Does "Auto Focus" continue what you call the "lonely man in his room" theme that began with Travis Bickle?

In some ways, but when I've dealt with characters like this before, these existential loners, they tend to be introspective. They don't get it, but they're trying to figure out how to get it. The interesting thing to me about Crane was that he was not only clueless, he was clueless about being clueless. And I think his greatest flaw wasn't sex, it was selfishness. Hence the title. I don't think he understood or appreciated how his actions affected other people. It was just sort of blithe egoism. So the challenge then was to try to make a film about a superficial character that wasn't a superficial film.

Crane's obsession with sex seems almost adolescent -- even the Crane and Carpenter affair: the combination of peer pressure and adulation.

Yeah, well, they needed each other. If Crane hadn't found Carpenter, he would have found another Carpenter and vice versa. It's hard to know who was the yin, who was the yang. Was John Carpenter the dark side of Bob Crane, or was Bob Crane the dark side of John Carpenter?

The casting is dead-on.

Greg and Willem are such different types. You know, it's like Oscar and Felix. I mean, what could be more fun? Episode 56: Oscar and Felix make a porn film. With the Pigeon sisters! [Laughs.]

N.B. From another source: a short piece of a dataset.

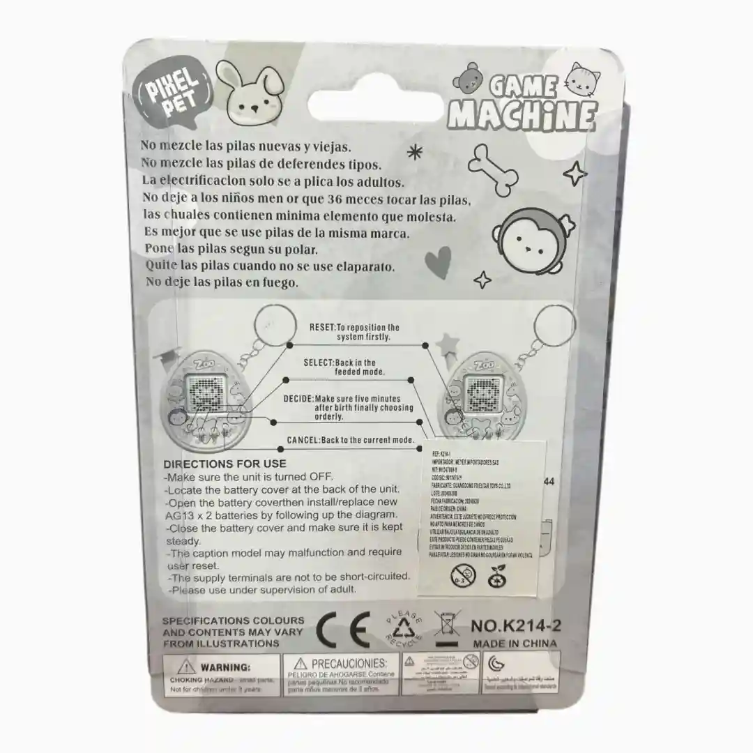 Versión actualizada de la popular mascota virtual portátil, conocida como «Pixel Pet Game Machine». Un juguete clásico de simulación que reta a los usuarios a cuidar y mantener a una mascota electrónica a través de alimentación, juegos y atenciones. Presentación con diseño moderno y colores pastel, ideal para el público infantil y adolescente.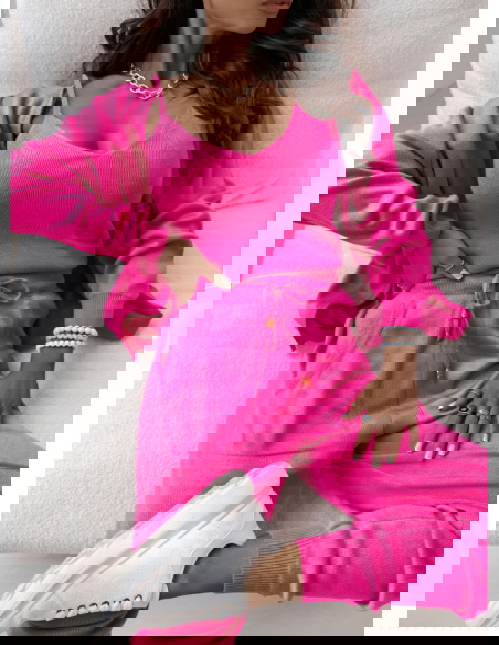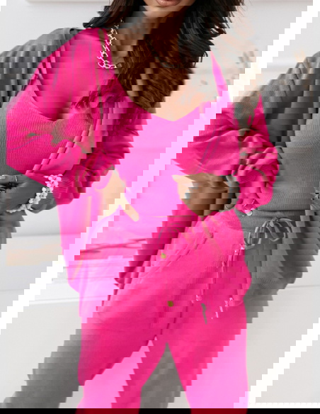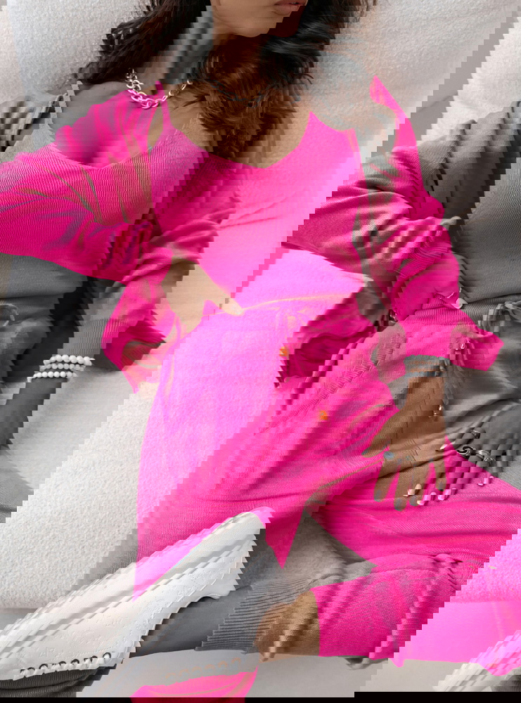 Komplet sweterkowy 2 częściowy bluza i spodnie Malinkaa - fuksja świetnie sprawdzi się podczas relaksu w domu, dzięki swojej wygodnej formie i miękkiej dzianinie.

It's interesting how the video camera is both witness and accomplice in their exploits.

Well, you know, there were all these elements going on -- exhibitionism and voyeurism, being seen and being watched, and cataloging it all. Bob Crane Jr. told me that he thought his father got more off on the video aspect than he did on the sexual aspect.

That came across especially with the scene when Crane and Carpenter are masturbating to their own video. Was that in the original script?

No. I love that scene. [Mimics Crane.] "What is it about women, Carp?" You know, two great philosophers here discussing women. "Can't live with 'em, can't live without 'em." "Truer words were never spoken." [Laughs.] I put that in, I thought it was just a hoot. I was biting my tongue behind the camera to keep from laughing. It was my sort of Norman Rockwell tableau of American male sexuality. You take these kind of Rat Pack guys who have to trade in their narrow ties for beads and bell bottoms in order to score chicks. But of course they remain the same sexist jerks they always were. It's a fascinating period in American male sexual identity.

Were you a fan of "Hogan's Heroes" growing up?

Not really. I was in college when it was on and it was the last thing I was interested in. With the various cultural upheavals and changes that were happening in the '60s, sitcoms just weren't where I was.

You didn't get to watch movies until you were 17 or so. What exactly is the Calvinist objection to cinema?

It happened during the '20s, during the Jazz Age. Our church had a synodical decree outlawing what they called the worldly amusements: cinema attendance, dancing, drinking, card playing, smoking and the like. It wasn't just one individual film either, because the movie industry was seen as corrupt; so it was all forbidden. That was just church edict. It's gone now, that whole world is gone now, but that's the way it was when I was growing up.